One of the major differences between SQL relational and NoSQL non-relational databases is the language. As mentioned, SQL databases use Structured Query Language for defining and manipulating data. This allows SQL to be extremely versatile and widely-used - however, it also makes it more restrictive. SQL requires that you use predefined schemas to determine the structure of your data before you even begin to work with it. Your data must also follow the same structure as well, which can entail significant upfront preparation along with careful execution.

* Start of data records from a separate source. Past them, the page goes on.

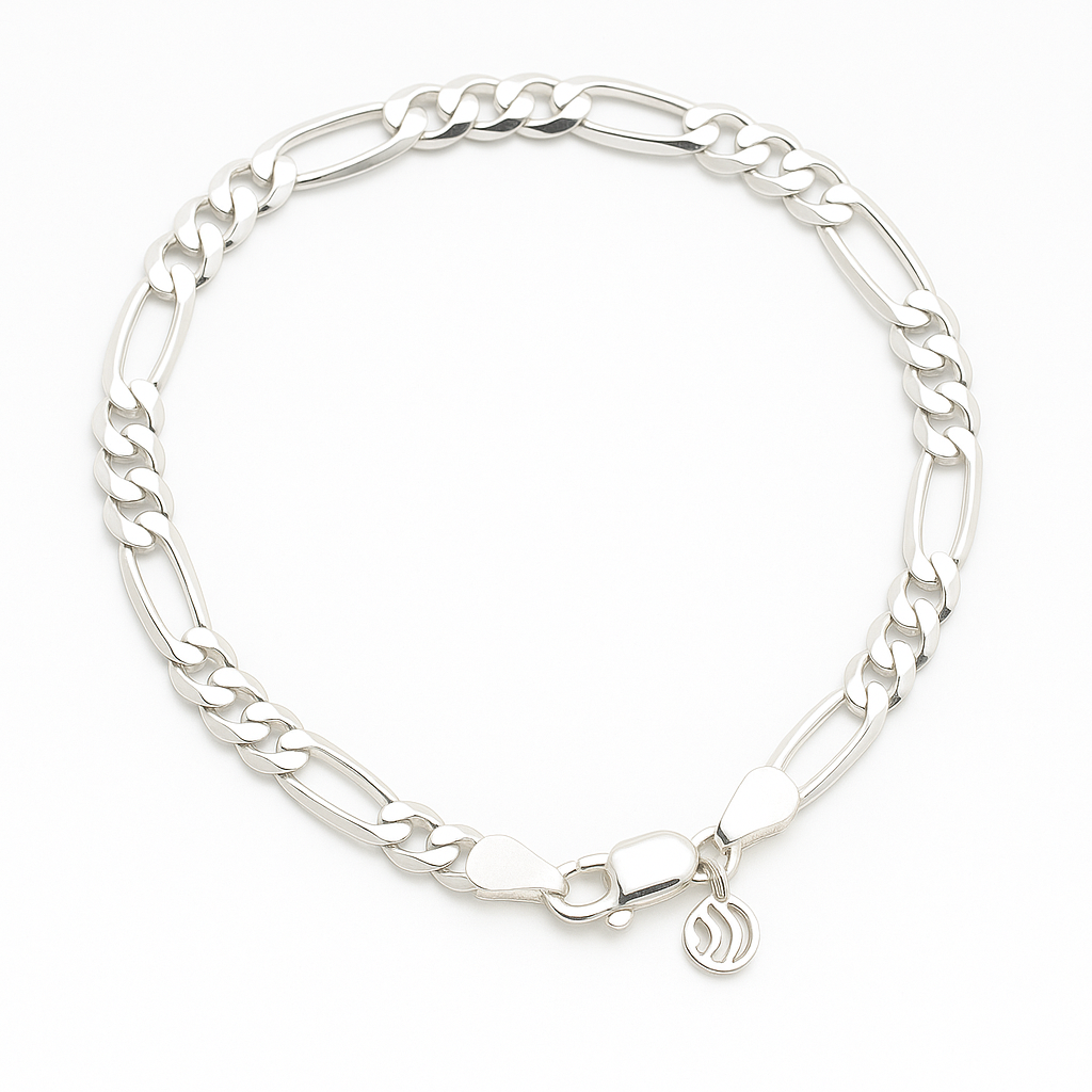 Add timeless elegance to your collection with this Sterling Silver Figaro Link Bracelet, crafted with precision and polished to a refined shine. Featuring the classic Figaro pattern — one elongated oval link followed by three shorter round links — this bracelet offers a perfect balance of boldness and sophistication. Made from high-quality 925 sterling silver, it ensures durability while maintaining a sleek feel.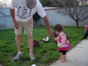 Today was a pretty uneventful Saturday… which is always nice. We get so busy during the week that its nice to not do much other then hang out together. This evening we went over to visit with Grandpa and Nana. Abby had the chance to play outside for a while and of course visit with Tommy the Turtle. After some time outside, we sat down for a lovely dinner which of course ended up all over Abby and then we sat down to watch the Kings game. Lucky for us the Kings won, so no one got hurt! Just Kidding!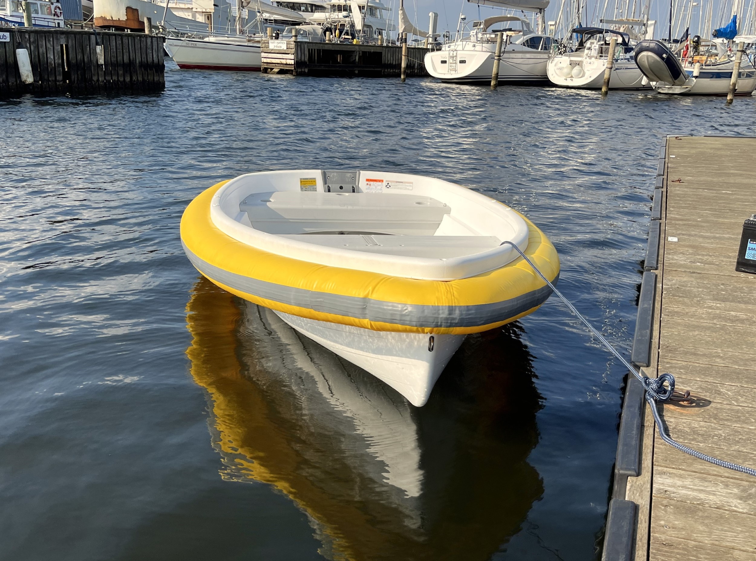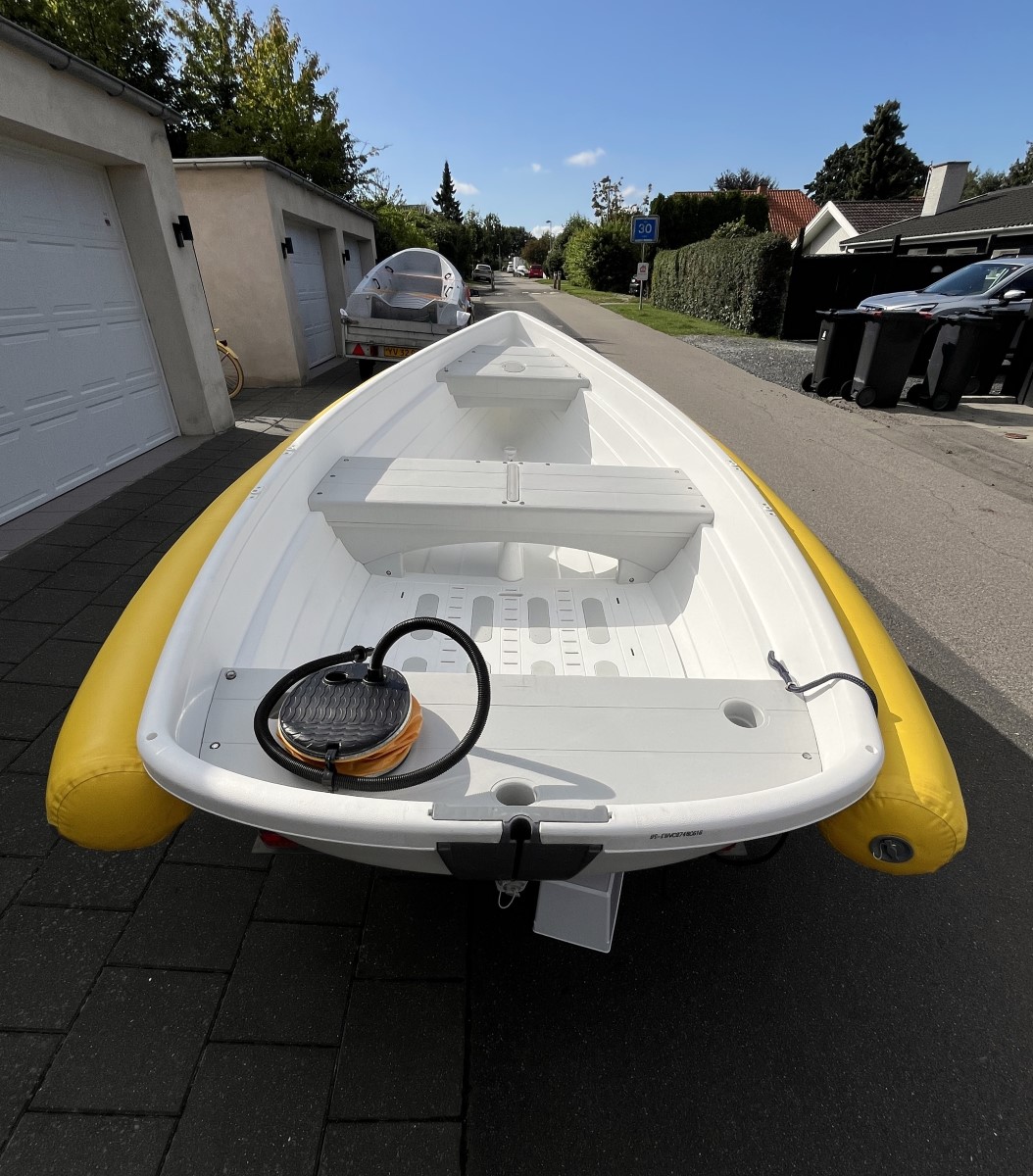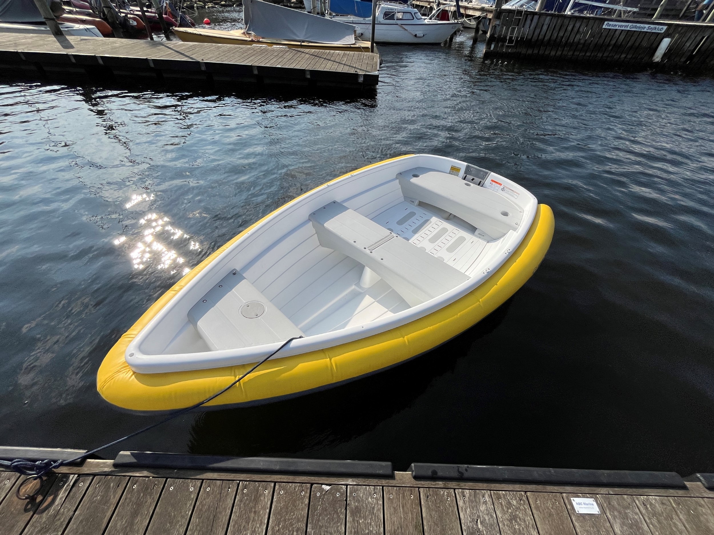 Den er synkefri og udstyret med løfteøjer, så den nemt kan hejses op på en større båd via kran eller gangway – ideel som tender eller til korte ture langs kysten.

A NoSQL database features a dynamic schema for unstructured data and the data can be stored in many different ways, whether it be graph-based, document-oriented, column-oriented, or organized as a KeyValue store. This extreme flexibility allows you to create documents without first having to carefully plan and define their structure, add fields as you go, and vary the syntax from database to database. It also allows you to give each document its own unique structure, providing you with more freedom overall.

The Scalability

Another big difference between SQL and NoSQL is their scalability. In most SQL databases, they are vertically scalable, which means that you can increase the load on a single server by increasing components like RAM, SSD, or CPU. In contrast, NoSQL databases are horizontally scalable, which means that they can handle increased traffic simply by adding more servers to the database. NoSQL databases have the ability to become larger and much more powerful, making them the preferred choice for large or constantly evolving data sets.

The Community

Due to SQL’s maturity, it has a much stronger and more developed community compared to NoSQL. There are thousands of chats and forums available where experts can share knowledge and discuss SQL best practices, continuously enhancing skills. Although NoSQL is growing rapidly, its community is not as well defined as SQL due to the fact that it is still relatively new.

The Structure

Finally, a last thing to consider when debating SQL versus NoSQL is their structures. SQL databases are table-based which makes them a better option for applications that require multi-row transactions. Samples of these may be accounting systems or even legacy systems that were originally built for a relational structure. NoSQL databases can be key-value pairs, wide-column stores, graph databases, or document-based.